Psychological complications – anxiety, depression, and eating disorders and those at increased risk of developing autoimmune diseases
Suspect DKA in diabetics – greater than 11mmol/L
Increased thirst and urine frequency, inability to tolerate fluids, persistent vomiting, diarrhoea, visual disturbance, lethargy, fruity smell on breath, deep sighing when breathing and dehydrated
Management
HbA1c levels target of 48mmol/mol or lower - Measure 3-6 months but more often if not controlled
Self-monitoring – need glucose monitor, lancet, finger pricking device and testing strips
Taught at diagnosis and review technique 1 yearly.

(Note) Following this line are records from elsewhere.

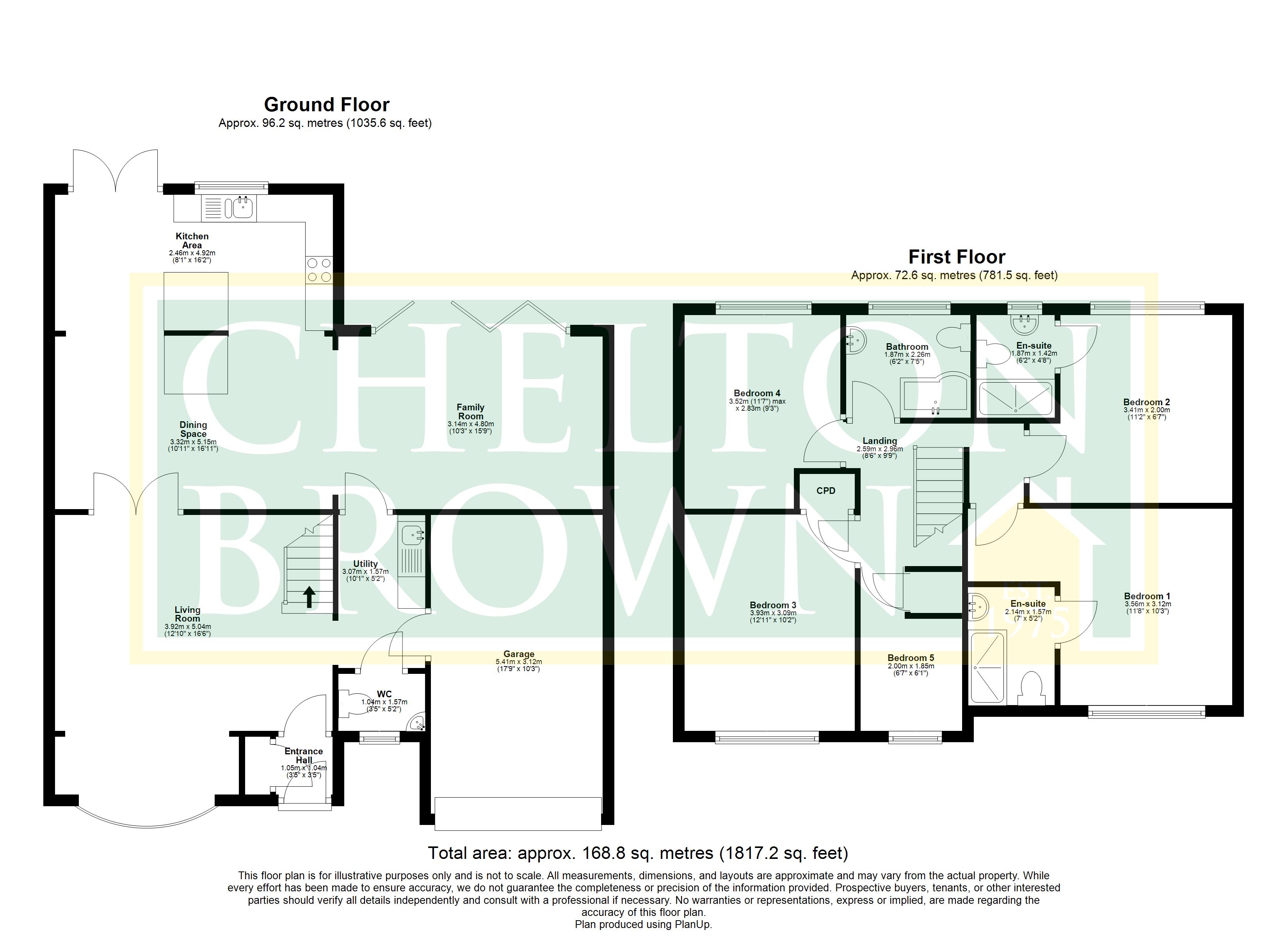 Upstairs, the home continues to impress with five generously sized bedrooms and three modern bathrooms. Bedrooms one and two are large doubles, each benefiting from luxurious en-suite shower rooms finished to an exceptional standard with premium fixtures and fittings. Bedrooms three and four are also spacious double rooms, while bedroom five makes an ideal single bedroom, nursery, or study. The family bathroom is bright and contemporary, complete with attractive tiling and a shower over the bath.
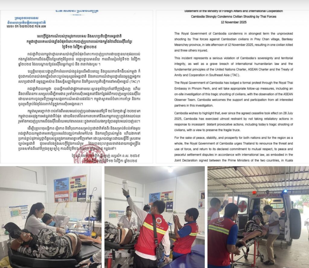 ភ្នំពេញ៖រាជរដ្ឋាភិបាលកម្ពុជា នៅថ្ងៃទី១២ ខែវិច្ឆិកា ឆ្នាំ២០២៥នេះ បានថ្កោលទោសយ៉ាងខ្លាំងបំផុតចំពោះការបាញ់ប្រហារដោយគ្មានហេតុផលរបស់ កងកម្លាំងថៃមកលើជនស៊ីវិលខ្មែរនៅភូមិព្រៃចាន់ ខេត្តបន្ទាយមានជ័យ កាលពីរសៀលថ្ងៃទី១២ ខែវិច្ឆិកា ឆ្នាំ២០២៥ ដែលបណ្តាលឱ្យជនស៊ីវិលម្នាក់ស្លាប់ និង ៣នាក់រងរបួស។ នេះបើតាមសេចក្តីថ្លែងការណ៍របស់ក្រសួងការបរទេស។
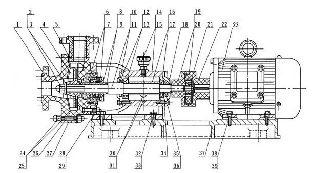 6、如果更換滾珠軸承或泵軸時,必須折下機(jī)架,松開前端軸承蓋4只螺釘,折下泵軸后端園螺母和聯(lián)軸節(jié),將泵軸向前端方向打出即可,再后折下后端軸封蓋。
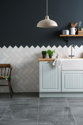 Les formes géométriques seront aussi de la partie avec des carrelages en forme d’écailles, de losange ou des poses en chevron pour moderniser et apporter du dynamisme à la pièce.
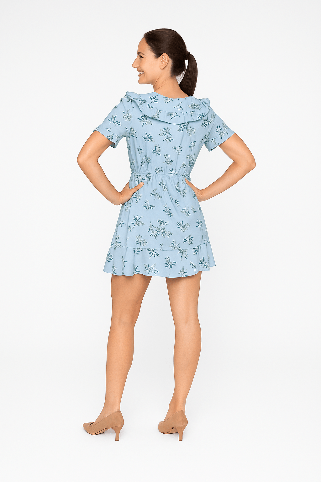 🌸 VILA Minikleid mit Blumenmuster – Hellblau, Rüschenärmel (Größe 36) 🌸
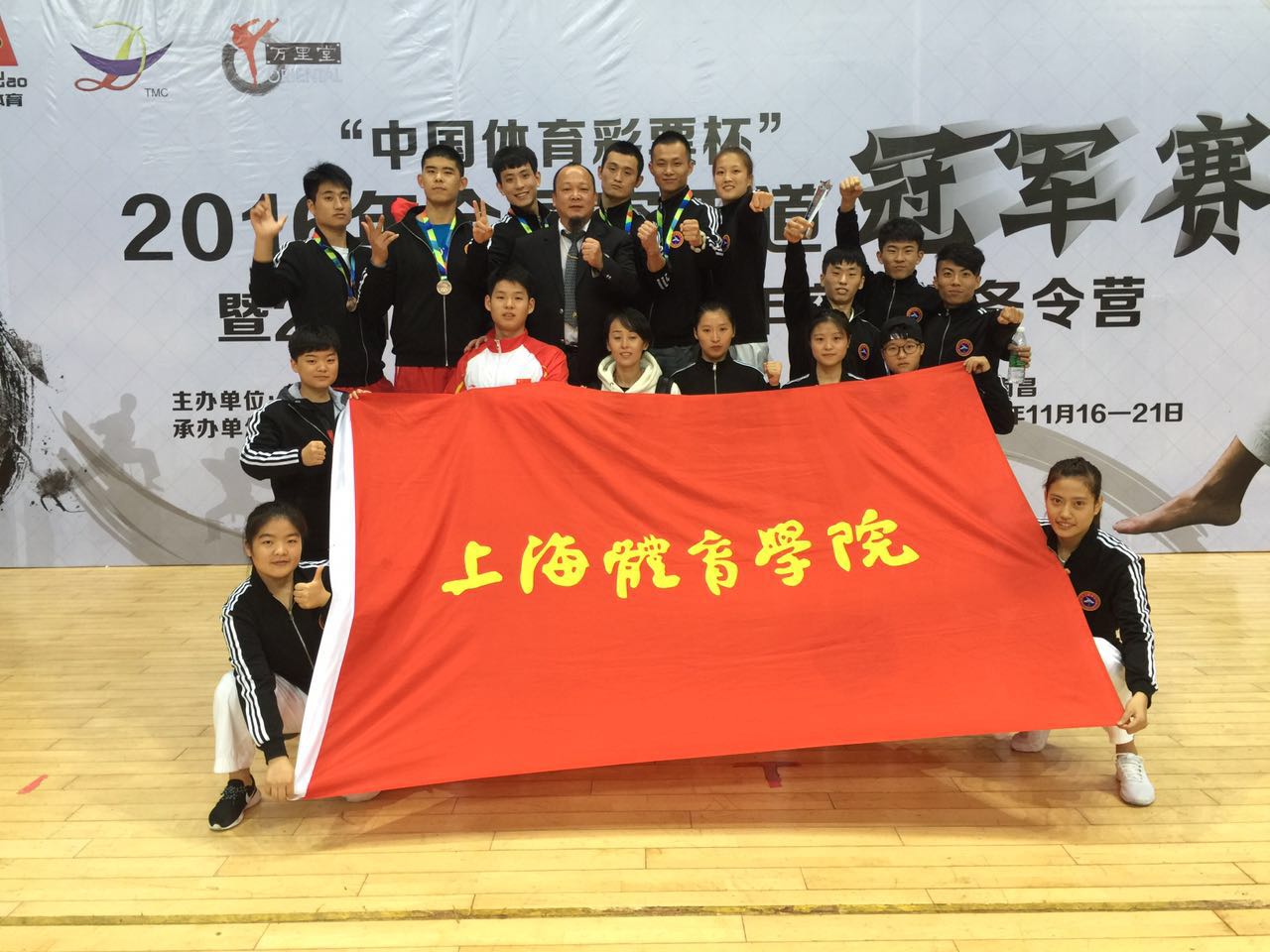 上海体育学院空手道队由武术学院副院长张云崖亲自挂帅,派选了17名运动员参加了此次比赛,经过三天的激烈争夺,我队共获得3金2银3铜的佳绩,其中男子团体型、女子团体型和女子个人型马抒情都获得了冠军,以及男子个人组手周衍硕+84kg亚军、女子个人型张爱丽亚军,陈林个人组手-55kg、男子团体组手以及李世杰男子个人型季军。

Before breakfast, 2 hours after meals, during illness, before driving, if they feel hypo – at least 4 times a day including before and after meals and before bed.

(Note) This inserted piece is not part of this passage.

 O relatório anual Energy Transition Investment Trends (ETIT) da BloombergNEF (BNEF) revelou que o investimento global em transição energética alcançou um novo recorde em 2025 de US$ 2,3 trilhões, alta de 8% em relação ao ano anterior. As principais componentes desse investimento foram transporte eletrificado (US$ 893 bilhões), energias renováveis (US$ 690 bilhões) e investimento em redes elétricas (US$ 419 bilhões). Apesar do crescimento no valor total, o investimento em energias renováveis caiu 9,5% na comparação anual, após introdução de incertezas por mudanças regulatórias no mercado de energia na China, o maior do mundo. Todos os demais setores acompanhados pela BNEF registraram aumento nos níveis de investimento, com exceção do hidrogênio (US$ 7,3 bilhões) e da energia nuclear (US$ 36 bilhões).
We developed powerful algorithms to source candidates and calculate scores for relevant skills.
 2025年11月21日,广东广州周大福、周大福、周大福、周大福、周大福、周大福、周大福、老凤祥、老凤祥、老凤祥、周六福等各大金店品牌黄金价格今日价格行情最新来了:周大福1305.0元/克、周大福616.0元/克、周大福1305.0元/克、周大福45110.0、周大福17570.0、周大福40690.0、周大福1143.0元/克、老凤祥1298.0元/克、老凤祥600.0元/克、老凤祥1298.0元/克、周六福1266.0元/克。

More frequency required (up to 10x daily) if
Target HbA1c not achieved, frequency of hypo increases, during illness, before, during and after sports, planning, during and while breastfeeding.
Target glucose readings
Fasting plasma glucose level of 5–7 mmol/L on waking.
Plasma glucose level of 4–7 mmol/L before meals at other times of the day.
For adults who choose to test after meals, plasma glucose level of 5–9 mmol/L at least 90 minutes after eating.
Agree bedtime target plasma glucose levels with the person. This should:
Consider the timing of the last meal and its related insulin dose.
Be consistent with the recommended fasting level on waking.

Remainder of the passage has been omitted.